Correct use of smash with math and root signs

Equalizing radicals is something of a black art.

The difference is due to the right hand side having parentheses. We can cope with this by adding \mathstrut in the left hand side denominator. But this makes TeX choose the next size for the radical. Using \smash[b]{...} for the denominator doesn't help.

The problem is that \tfrac imposes \textstyle, which has raised denominators. One could use \cramped from mathtools, but there's a slicker solution:

\documentclass{article}
\usepackage{amsmath}

\begin{document}

\[
\textstyle
\sqrt{\frac{1+2\cdot4a^2+(4a^2)^2}{\mathstrut 16a^2}}
=\sqrt{\frac{1+2\cdot4a^2+(4a^2)^2}{(4a)^2}}
\]

\end{document}

What you need to do is replace (4a)^2 in the second denominator with either \smash{(4a)}^2 or \smash[b]{(4a)}^2. This yields compact-looking square root terms, and it works with both \tfrac and \dfrac.

Observe that if you, alternatively, replaced 16a^2 in the first denominator with 16a^2\mathstrut, the two square root symbols would also have equal sizes. However, they would be much taller -- excessively and unnecessarily so, IMNSHO -- than with the adjustment suggested above.

\documentclass{article}
\usepackage{amsmath} 
\begin{document}
\[
 \sqrt{\dfrac{1+2\cdot4a^2+(4a^2)^2}{16a^2}}
=\sqrt{\dfrac{1+2\cdot4a^2+(4a^2)^2}{\smash{(4a)}^2}}
\]

\[
 \sqrt{\tfrac{1+2\cdot4a^2+(4a^2)^2}{16a^2}}
=\sqrt{\tfrac{1+2\cdot4a^2+(4a^2)^2}{\smash{(4a)}^2}}
\]
\end{document}

A simple \vphantom will do the trick.
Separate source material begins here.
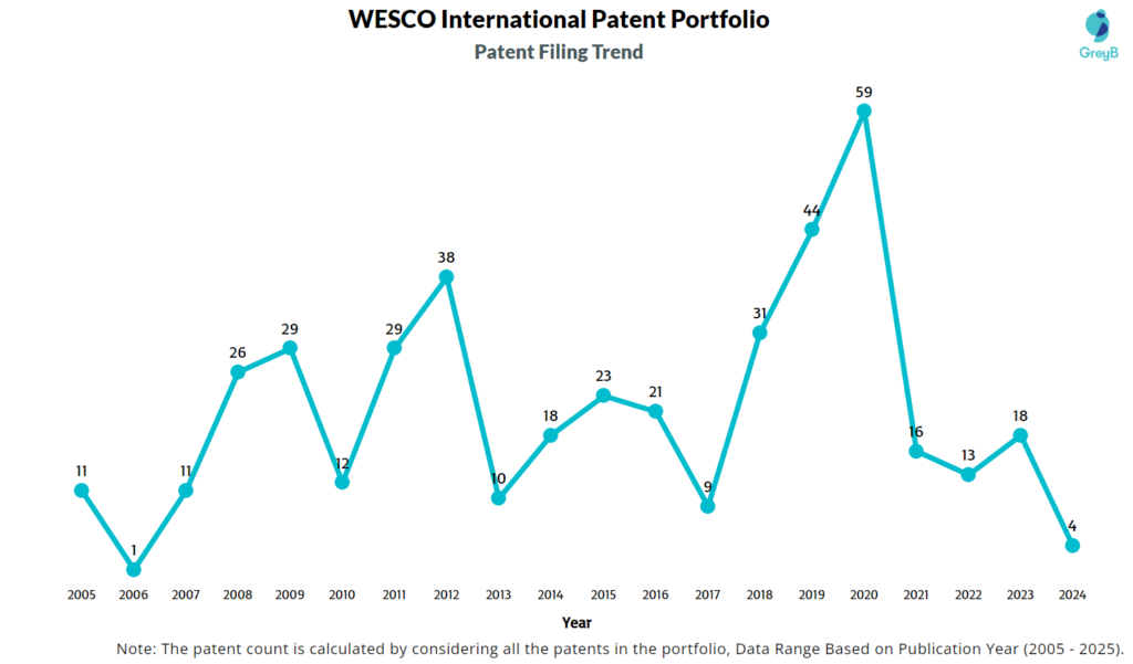 | Year of Patents Filing or Grant | WESCO International Applications Filed | WESCO International Patents Granted |

And, please, don't use the plain TeX construct $$ ... $$ for unnumbered displayed equations. Use [ ... \] instead.

\documentclass[11pt, a4paper]{article}
\usepackage{amsmath}

\begin{document}

\[ \sqrt{\tfrac{1+2\cdot4a^2+(4a^2)^2}{\vphantom{)}16a^2}} =\sqrt{\tfrac{1+2\cdot4a^2+(4a^2)^2}{(4a)^2}} \]

\end{document}